(Supplied data)
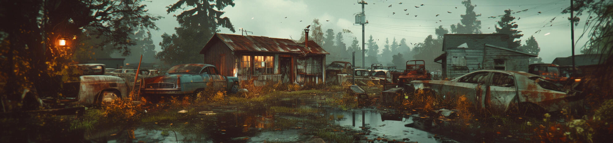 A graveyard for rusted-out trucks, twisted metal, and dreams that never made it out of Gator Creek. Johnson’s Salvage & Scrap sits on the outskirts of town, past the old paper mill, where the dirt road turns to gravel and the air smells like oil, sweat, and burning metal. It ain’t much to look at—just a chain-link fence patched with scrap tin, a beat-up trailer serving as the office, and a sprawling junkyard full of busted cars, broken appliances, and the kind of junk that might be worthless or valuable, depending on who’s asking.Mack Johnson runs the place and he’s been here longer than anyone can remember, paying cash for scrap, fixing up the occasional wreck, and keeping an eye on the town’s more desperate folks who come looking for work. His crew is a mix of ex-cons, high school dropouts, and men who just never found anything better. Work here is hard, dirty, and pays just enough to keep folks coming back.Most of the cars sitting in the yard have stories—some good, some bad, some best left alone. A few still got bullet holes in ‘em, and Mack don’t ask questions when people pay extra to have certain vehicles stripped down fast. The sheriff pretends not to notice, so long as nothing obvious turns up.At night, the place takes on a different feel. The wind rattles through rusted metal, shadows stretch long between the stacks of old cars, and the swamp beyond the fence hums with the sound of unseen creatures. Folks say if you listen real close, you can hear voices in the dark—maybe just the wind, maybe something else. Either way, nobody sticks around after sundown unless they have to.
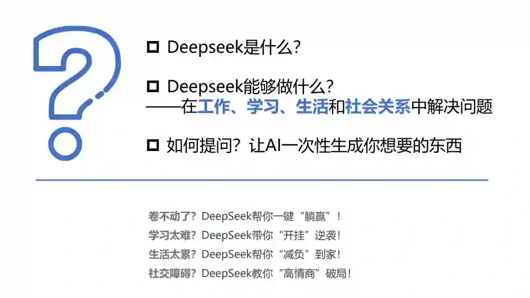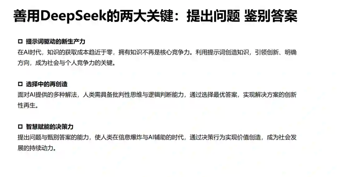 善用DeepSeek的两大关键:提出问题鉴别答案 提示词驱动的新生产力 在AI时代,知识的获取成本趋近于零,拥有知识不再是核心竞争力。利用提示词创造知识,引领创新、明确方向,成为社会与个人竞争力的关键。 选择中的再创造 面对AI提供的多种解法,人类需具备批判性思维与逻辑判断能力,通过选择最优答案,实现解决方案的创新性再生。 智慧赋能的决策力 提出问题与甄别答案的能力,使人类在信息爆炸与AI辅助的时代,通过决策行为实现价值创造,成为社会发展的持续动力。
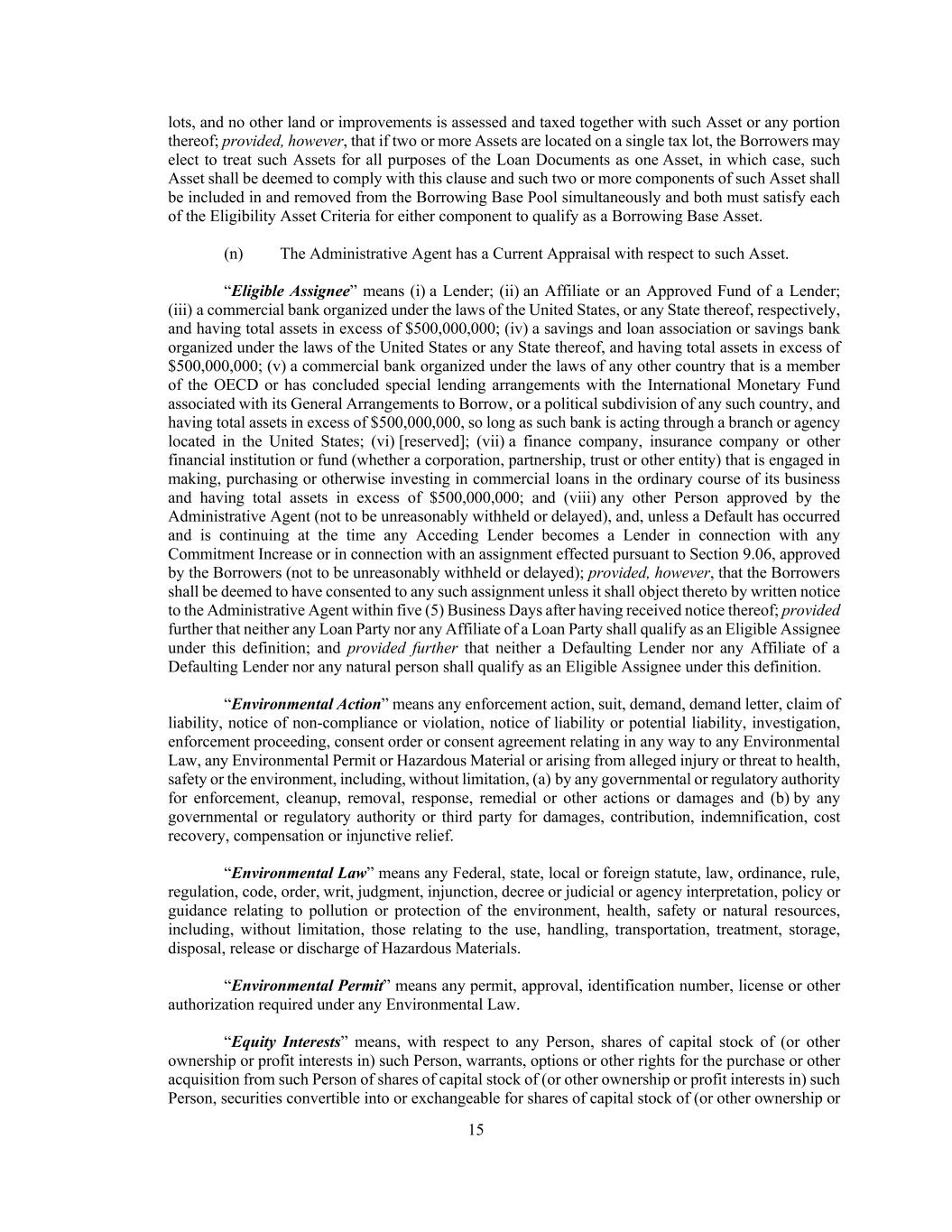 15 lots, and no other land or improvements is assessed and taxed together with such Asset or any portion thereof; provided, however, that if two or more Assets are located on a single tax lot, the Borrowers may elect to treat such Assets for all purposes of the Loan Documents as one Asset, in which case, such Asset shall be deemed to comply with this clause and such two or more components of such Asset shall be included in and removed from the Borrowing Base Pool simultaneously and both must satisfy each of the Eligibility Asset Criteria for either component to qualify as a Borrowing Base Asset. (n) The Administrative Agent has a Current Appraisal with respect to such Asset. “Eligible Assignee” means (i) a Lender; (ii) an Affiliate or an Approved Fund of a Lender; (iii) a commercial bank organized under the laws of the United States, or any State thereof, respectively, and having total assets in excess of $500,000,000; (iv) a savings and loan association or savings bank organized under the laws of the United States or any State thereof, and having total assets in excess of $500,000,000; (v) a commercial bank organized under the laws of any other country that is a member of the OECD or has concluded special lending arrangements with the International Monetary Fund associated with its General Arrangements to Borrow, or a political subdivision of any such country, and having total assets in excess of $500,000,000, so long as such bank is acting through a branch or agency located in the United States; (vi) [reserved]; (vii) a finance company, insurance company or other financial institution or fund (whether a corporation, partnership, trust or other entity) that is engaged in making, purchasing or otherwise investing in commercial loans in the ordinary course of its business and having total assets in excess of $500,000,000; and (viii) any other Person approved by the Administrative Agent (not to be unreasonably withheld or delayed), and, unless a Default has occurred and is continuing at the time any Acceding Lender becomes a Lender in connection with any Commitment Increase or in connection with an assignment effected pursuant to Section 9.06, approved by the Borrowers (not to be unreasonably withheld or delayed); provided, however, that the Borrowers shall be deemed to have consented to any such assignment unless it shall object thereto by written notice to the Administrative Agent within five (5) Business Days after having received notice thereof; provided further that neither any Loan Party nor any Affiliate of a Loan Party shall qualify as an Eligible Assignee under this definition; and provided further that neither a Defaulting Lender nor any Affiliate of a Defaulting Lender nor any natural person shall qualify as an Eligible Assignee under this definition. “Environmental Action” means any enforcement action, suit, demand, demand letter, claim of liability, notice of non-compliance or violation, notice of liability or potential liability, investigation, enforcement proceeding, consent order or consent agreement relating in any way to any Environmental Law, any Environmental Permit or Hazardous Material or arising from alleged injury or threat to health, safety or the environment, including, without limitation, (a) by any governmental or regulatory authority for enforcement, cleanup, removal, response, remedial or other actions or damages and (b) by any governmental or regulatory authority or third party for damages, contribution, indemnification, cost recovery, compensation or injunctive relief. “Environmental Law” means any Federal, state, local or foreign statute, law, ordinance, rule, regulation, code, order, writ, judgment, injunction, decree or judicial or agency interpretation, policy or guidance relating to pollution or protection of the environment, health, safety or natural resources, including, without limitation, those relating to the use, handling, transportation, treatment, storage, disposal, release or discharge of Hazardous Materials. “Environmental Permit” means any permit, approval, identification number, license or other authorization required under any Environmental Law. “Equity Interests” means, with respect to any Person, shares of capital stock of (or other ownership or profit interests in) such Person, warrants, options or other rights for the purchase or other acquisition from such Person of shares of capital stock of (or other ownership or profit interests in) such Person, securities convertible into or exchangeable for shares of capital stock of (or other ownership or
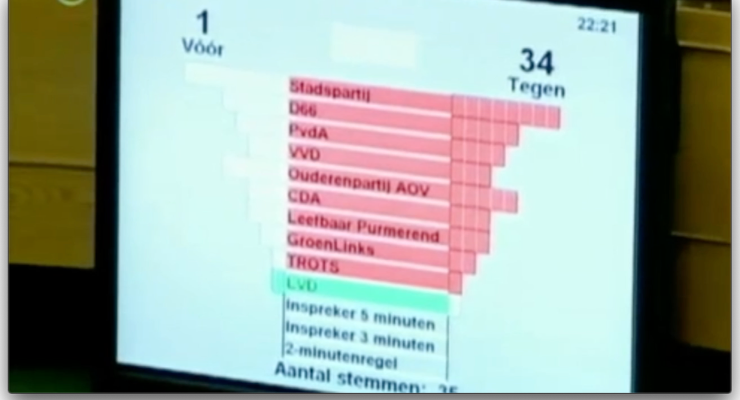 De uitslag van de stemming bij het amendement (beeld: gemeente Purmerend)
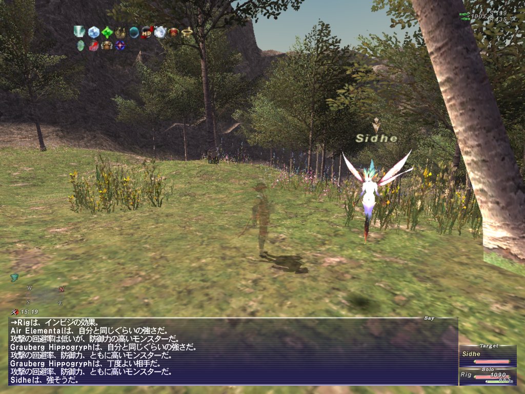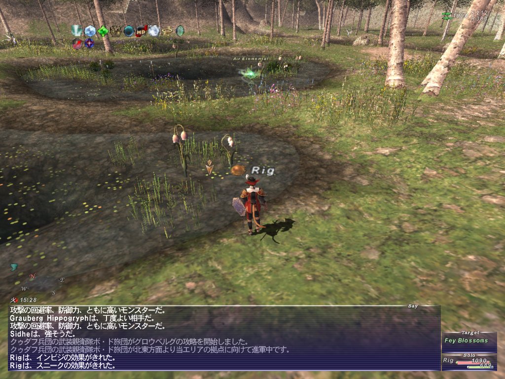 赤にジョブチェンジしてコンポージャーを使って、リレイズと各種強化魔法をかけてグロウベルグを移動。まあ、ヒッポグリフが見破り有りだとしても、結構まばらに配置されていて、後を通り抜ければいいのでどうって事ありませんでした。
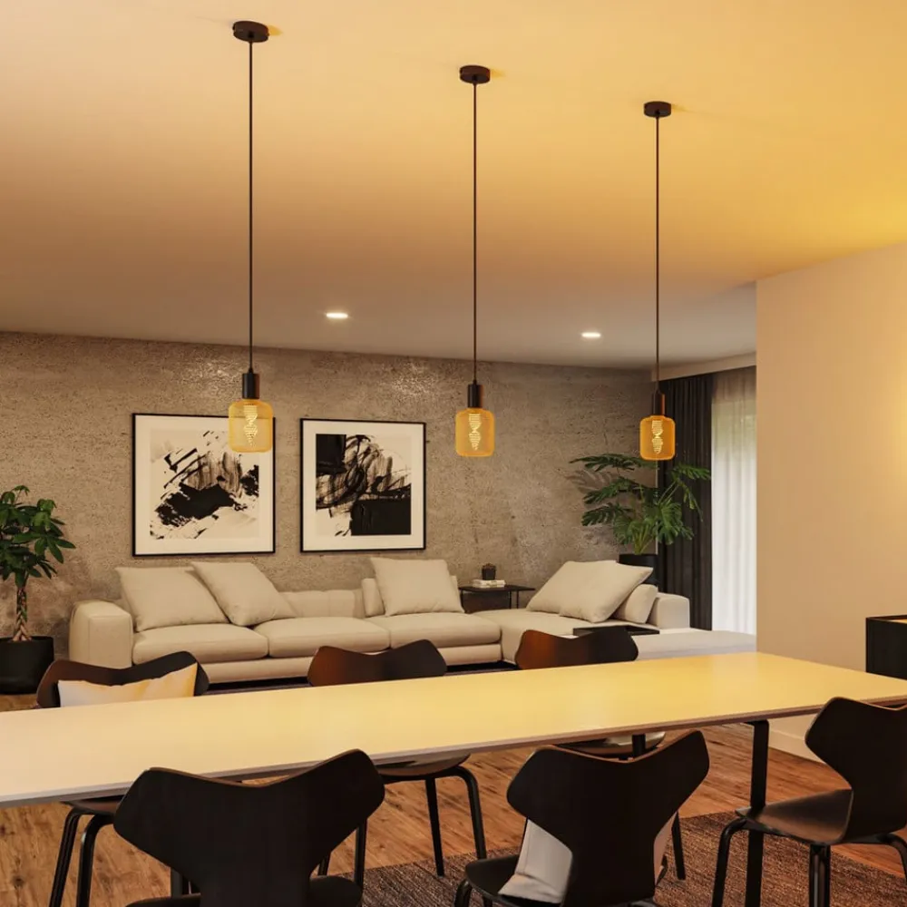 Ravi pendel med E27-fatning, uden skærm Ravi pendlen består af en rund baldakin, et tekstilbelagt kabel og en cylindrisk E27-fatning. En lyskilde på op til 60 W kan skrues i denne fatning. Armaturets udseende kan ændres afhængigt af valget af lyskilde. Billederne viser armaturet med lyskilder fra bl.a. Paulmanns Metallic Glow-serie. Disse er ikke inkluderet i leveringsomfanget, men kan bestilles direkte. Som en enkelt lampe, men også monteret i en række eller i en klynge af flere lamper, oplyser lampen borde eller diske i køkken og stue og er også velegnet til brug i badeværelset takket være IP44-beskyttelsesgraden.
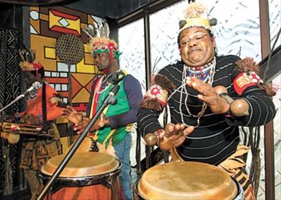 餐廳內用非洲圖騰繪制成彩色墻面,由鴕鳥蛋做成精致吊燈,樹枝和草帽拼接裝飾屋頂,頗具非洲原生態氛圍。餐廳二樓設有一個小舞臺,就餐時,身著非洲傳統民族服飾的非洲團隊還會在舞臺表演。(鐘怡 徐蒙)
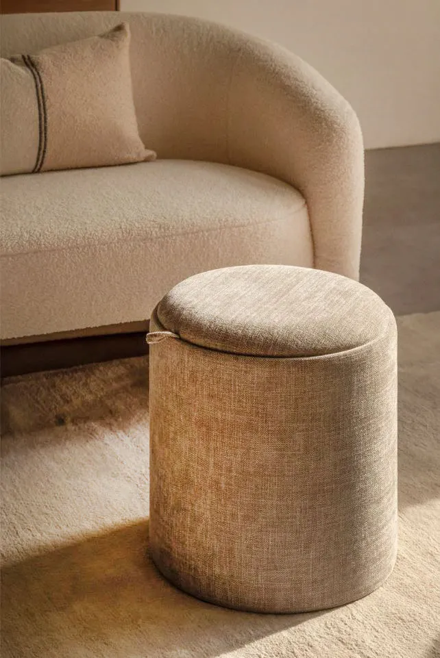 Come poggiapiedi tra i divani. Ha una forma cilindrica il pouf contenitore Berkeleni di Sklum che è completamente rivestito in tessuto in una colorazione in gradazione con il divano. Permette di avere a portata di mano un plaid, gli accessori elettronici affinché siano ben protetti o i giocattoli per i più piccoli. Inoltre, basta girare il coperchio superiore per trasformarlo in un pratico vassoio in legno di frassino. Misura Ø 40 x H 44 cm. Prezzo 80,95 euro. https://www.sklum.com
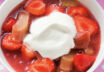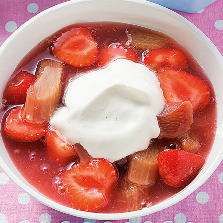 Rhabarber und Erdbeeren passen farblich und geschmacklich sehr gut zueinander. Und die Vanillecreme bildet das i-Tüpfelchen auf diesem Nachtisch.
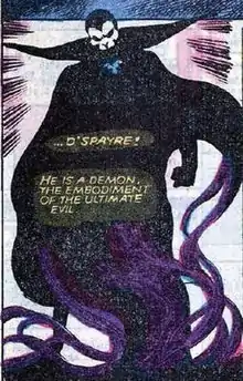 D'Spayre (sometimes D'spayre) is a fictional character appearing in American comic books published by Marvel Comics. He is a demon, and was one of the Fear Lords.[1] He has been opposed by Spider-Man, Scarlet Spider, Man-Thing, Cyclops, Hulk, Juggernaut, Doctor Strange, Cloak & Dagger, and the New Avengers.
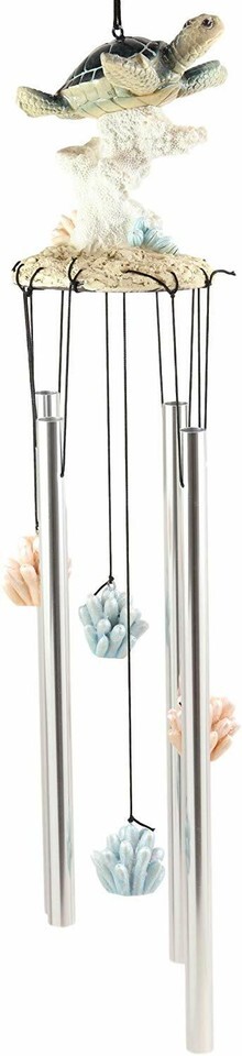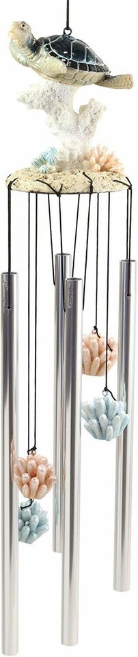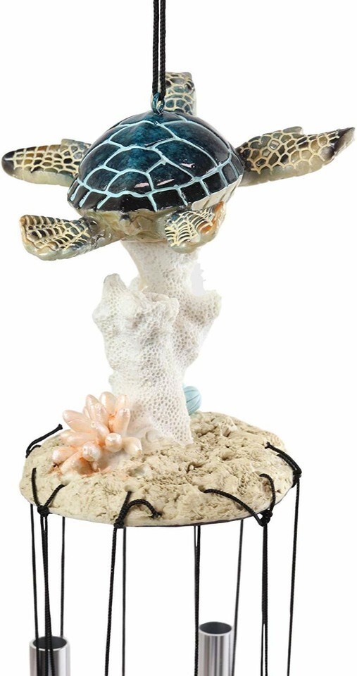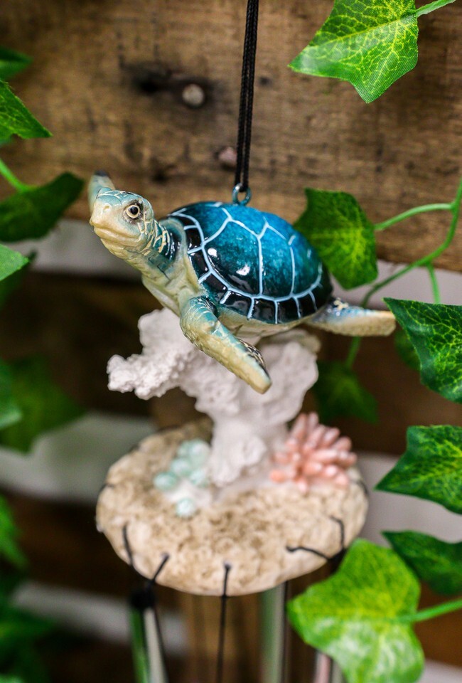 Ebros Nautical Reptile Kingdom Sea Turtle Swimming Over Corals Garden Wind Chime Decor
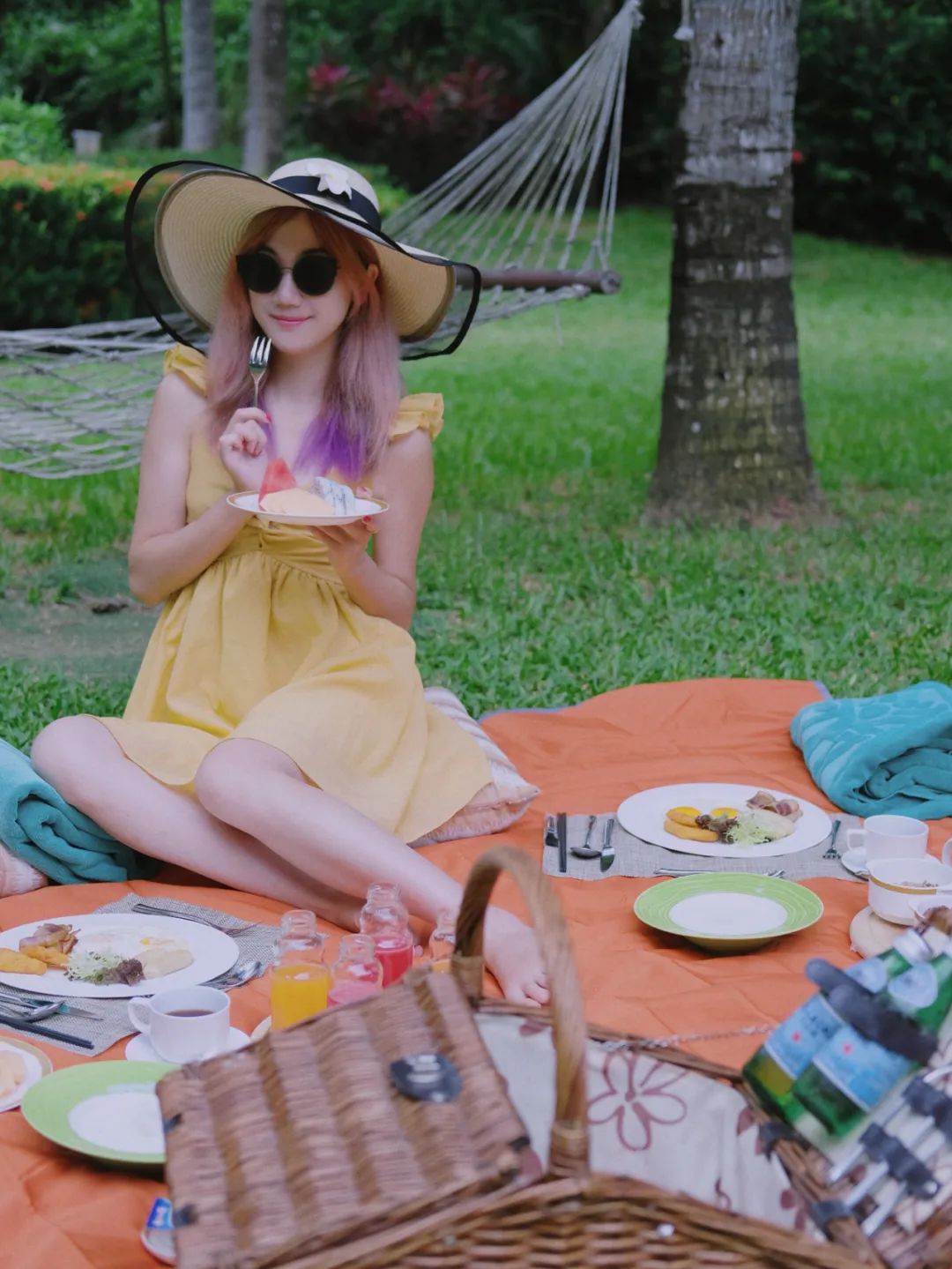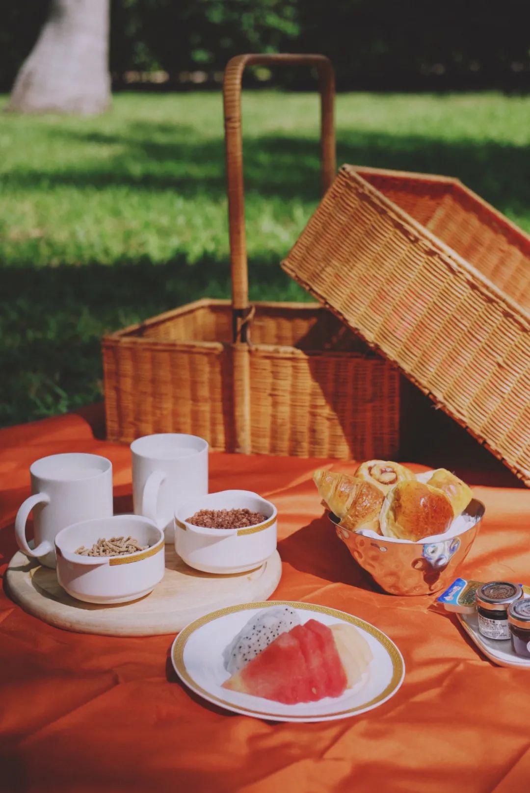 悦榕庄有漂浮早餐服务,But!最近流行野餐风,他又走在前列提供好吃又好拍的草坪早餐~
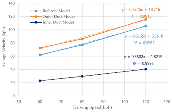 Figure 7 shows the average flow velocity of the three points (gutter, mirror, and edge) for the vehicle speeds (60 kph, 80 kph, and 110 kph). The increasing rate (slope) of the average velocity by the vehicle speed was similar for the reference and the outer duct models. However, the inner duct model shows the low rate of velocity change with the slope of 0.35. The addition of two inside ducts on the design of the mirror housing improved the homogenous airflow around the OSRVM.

(Exercise brief)
Starting with the line above that holds "Ravi pendel med", restate each line word for word up to and including the line that holds "餐廳內用非洲圖騰繪制成彩色墻". Drop the pictures.

(Answer)
 Ravi pendel med E27-fatning, uden skærm Ravi pendlen består af en rund baldakin, et tekstilbelagt kabel og en cylindrisk E27-fatning. En lyskilde på op til 60 W kan skrues i denne fatning. Armaturets udseende kan ændres afhængigt af valget af lyskilde. Billederne viser armaturet med lyskilder fra bl.a. Paulmanns Metallic Glow-serie. Disse er ikke inkluderet i leveringsomfanget, men kan bestilles direkte. Som en enkelt lampe, men også monteret i en række eller i en klynge af flere lamper, oplyser lampen borde eller diske i køkken og stue og er også velegnet til brug i badeværelset takket være IP44-beskyttelsesgraden.
 餐廳內用非洲圖騰繪制成彩色墻面,由鴕鳥蛋做成精致吊燈,樹枝和草帽拼接裝飾屋頂,頗具非洲原生態氛圍。餐廳二樓設有一個小舞臺,就餐時,身著非洲傳統民族服飾的非洲團隊還會在舞臺表演。(鐘怡 徐蒙)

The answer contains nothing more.